Ich sehe wieder die junge Frau an. Sie hat ihren Blick zu Boden gewendet gehabt, doch auch sie sieht mir jetzt wieder direkt in die Augen. Wieder ist diese Vertrautheit, dieser Spiegel in die Vergangenheit da. Nun habe ich einen Entschluss gefasst.

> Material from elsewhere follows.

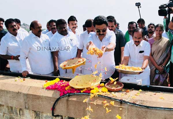 மேட்டூர் அணையில் இருந்து பாசனத்திற்காக தண்ணீர் திறந்து விடப்பட்டது. முதல்வர் ஸ்டாலின் மலர் தூவி தண்ணீர் மதகை திறந்து வைத்தார்.

Plötzlich macht es einen Ruck. Auf den ersten Schreck folgt ein erleichtertes Aufatmen von uns beiden. Der Aufzug ist wieder in Bewegung und fährt langsam seinem Ziel entgegen. Gleichzeitig strecken die junge Frau und ich unsere Hände aus. Mit einem festen, vertrauten Griff drücke ich ihre Hand ganz fest und sage zu ihr, und in einer gewissen Weise auch zu dem Mädchen von damals: „Wir haben beide Schreckliches durchgemacht. Mir wurde erst nach Jahren der Qualen geholfen. Ich will, dass du nicht so lange warten mußt. Ich will dir helfen, damit du dieses schreckliche Erlebnis überstehen kannst. Lass es uns gemeinsam durchstehen!“ Die junge Frau nickt mir zu und ein kleines, dankbares Lächeln huscht über ihre Lippen.
Als sich die Aufzugstüren öffnen, treten wir beide, mutig und gestärkt in die Zukunft hinaus.